• Dataset entries:
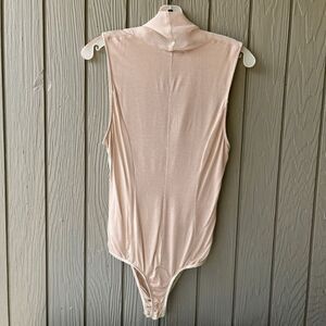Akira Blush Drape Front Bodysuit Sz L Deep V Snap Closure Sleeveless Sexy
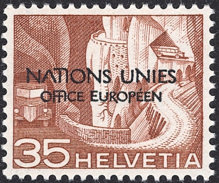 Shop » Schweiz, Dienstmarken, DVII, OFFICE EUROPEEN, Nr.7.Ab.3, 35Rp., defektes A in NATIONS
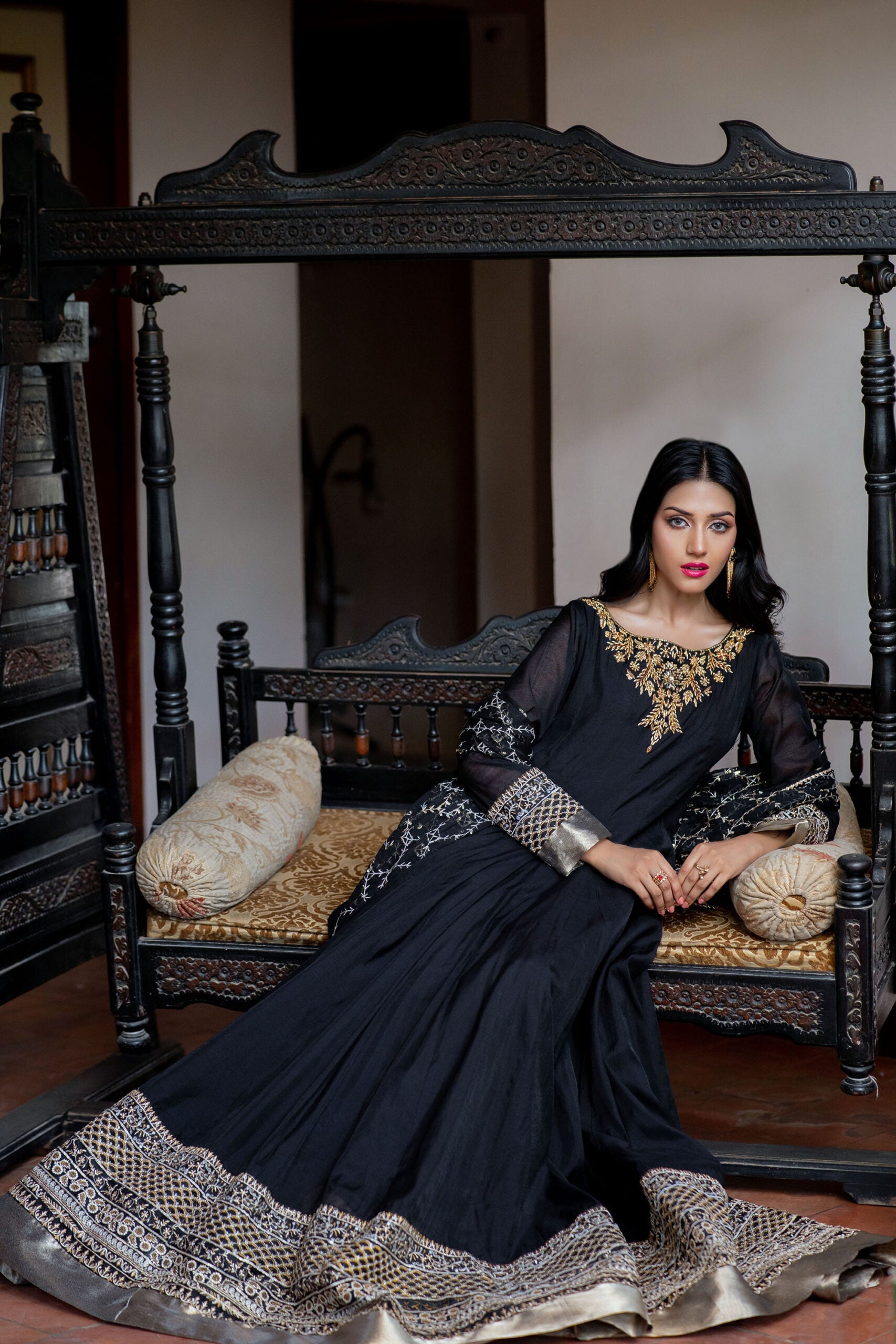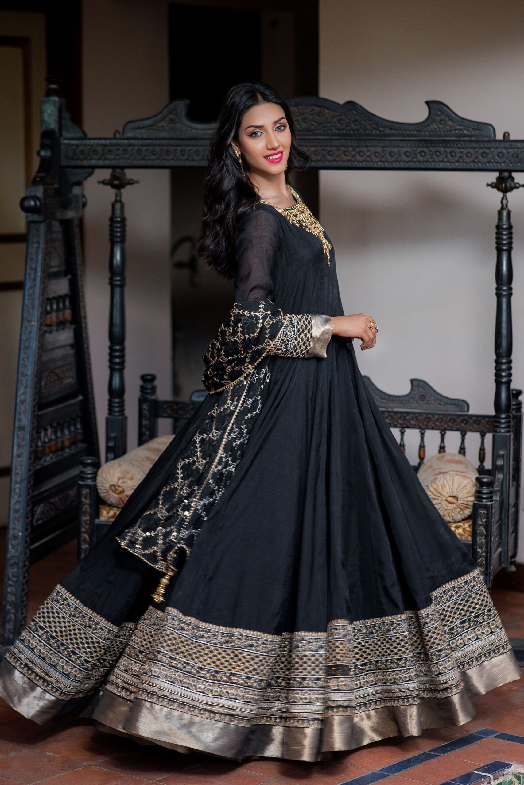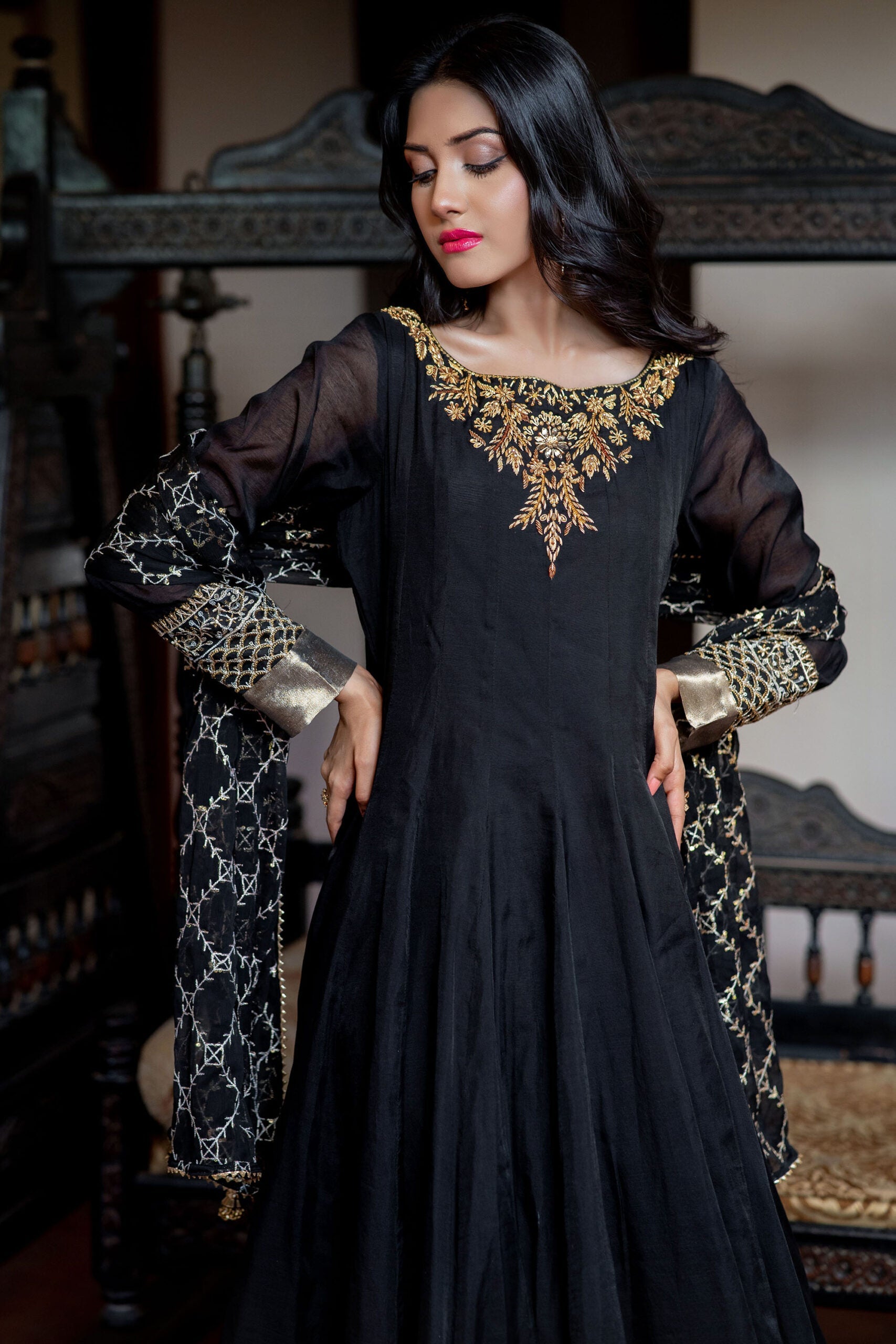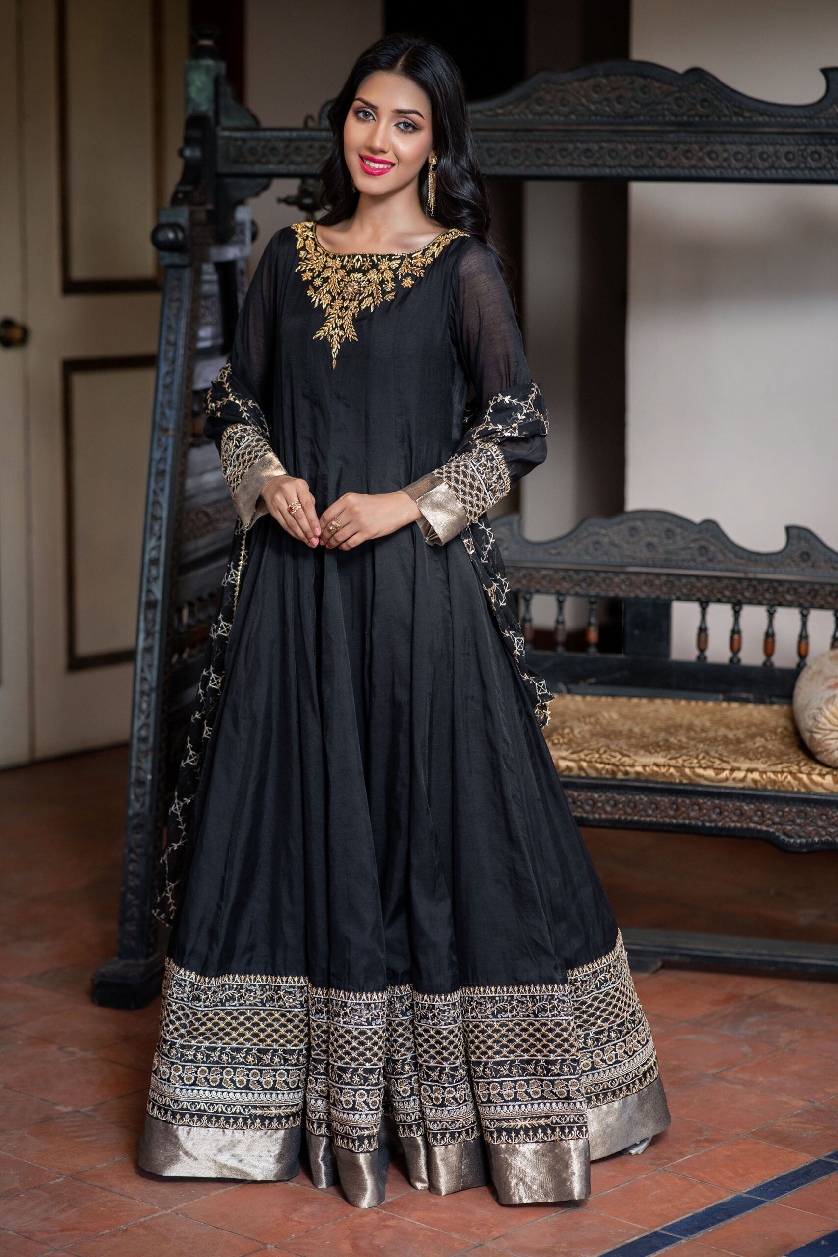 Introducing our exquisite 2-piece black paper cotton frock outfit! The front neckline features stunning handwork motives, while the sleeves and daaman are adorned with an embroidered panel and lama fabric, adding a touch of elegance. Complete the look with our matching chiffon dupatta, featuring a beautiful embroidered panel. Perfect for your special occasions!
---
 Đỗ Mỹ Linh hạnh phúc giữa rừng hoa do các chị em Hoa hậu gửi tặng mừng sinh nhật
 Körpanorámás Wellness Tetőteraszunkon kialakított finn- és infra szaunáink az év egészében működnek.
==
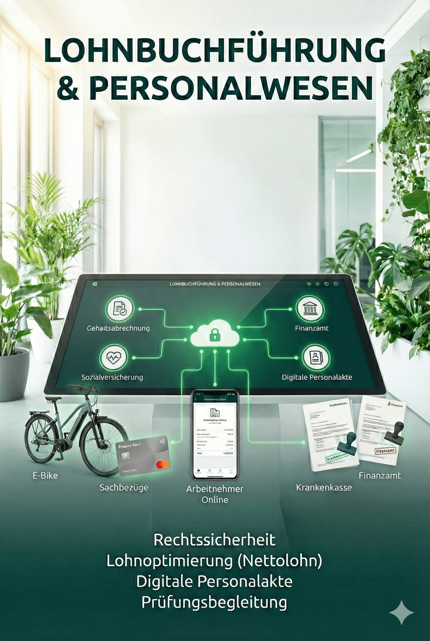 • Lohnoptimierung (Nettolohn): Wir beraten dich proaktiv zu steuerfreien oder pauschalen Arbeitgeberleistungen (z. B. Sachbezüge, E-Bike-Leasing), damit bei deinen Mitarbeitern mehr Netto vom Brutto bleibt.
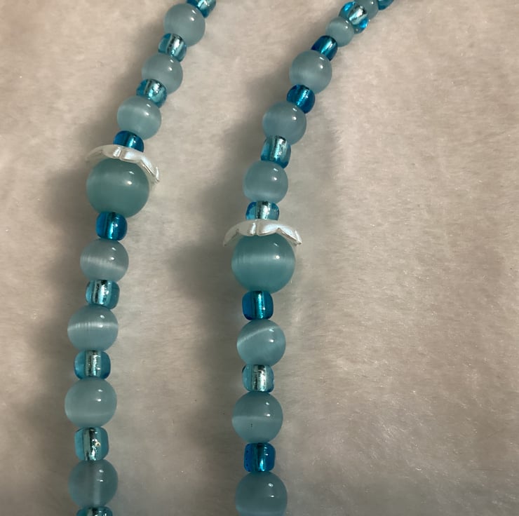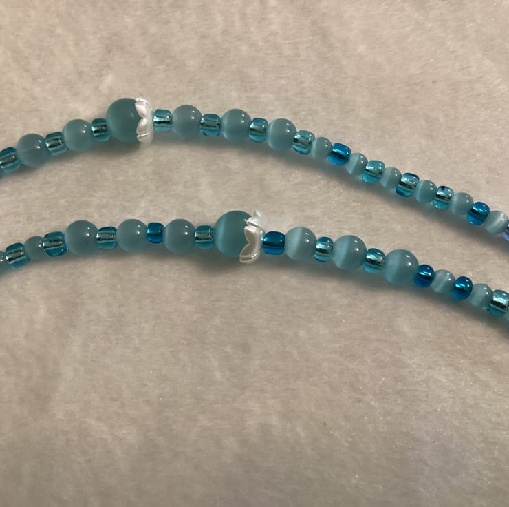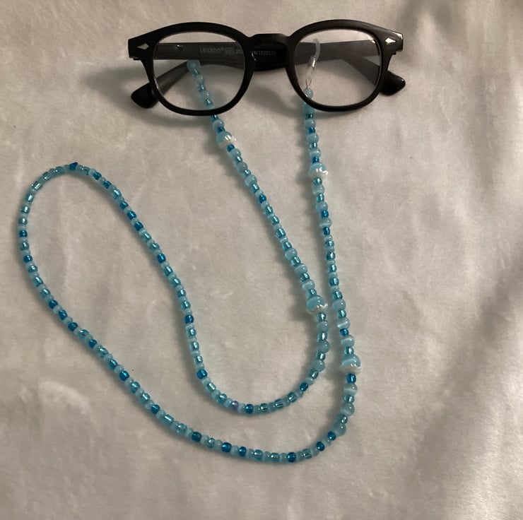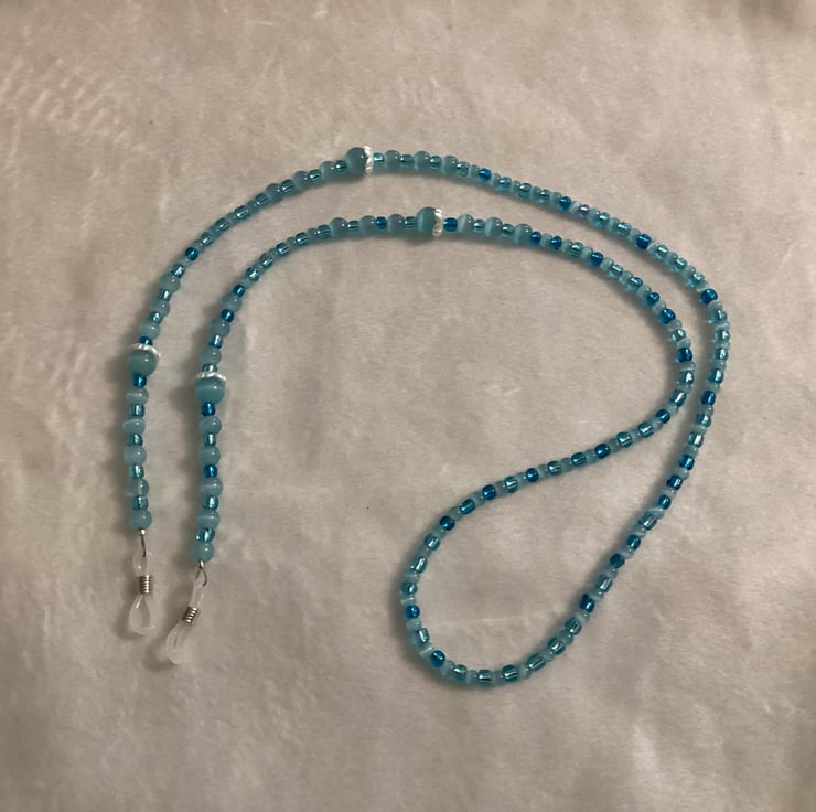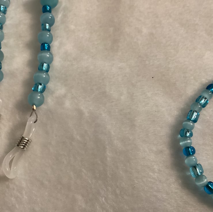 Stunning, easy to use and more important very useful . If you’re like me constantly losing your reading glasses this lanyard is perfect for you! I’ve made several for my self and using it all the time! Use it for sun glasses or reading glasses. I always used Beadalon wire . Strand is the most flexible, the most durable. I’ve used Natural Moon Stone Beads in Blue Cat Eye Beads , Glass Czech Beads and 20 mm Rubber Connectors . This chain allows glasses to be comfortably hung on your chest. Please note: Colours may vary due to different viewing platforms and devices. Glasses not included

• Try it: Range to copy from the listing above: the line with "Akira Blush Drape" through the line with "Introducing our exquisite". Transcribe it exactly and skip the pictures.

• Exercise response:
Akira Blush Drape Front Bodysuit Sz L Deep V Snap Closure Sleeveless Sexy
 Shop » Schweiz, Dienstmarken, DVII, OFFICE EUROPEEN, Nr.7.Ab.3, 35Rp., defektes A in NATIONS
 Introducing our exquisite 2-piece black paper cotton frock outfit! The front neckline features stunning handwork motives, while the sleeves and daaman are adorned with an embroidered panel and lama fabric, adding a touch of elegance. Complete the look with our matching chiffon dupatta, featuring a beautiful embroidered panel. Perfect for your special occasions!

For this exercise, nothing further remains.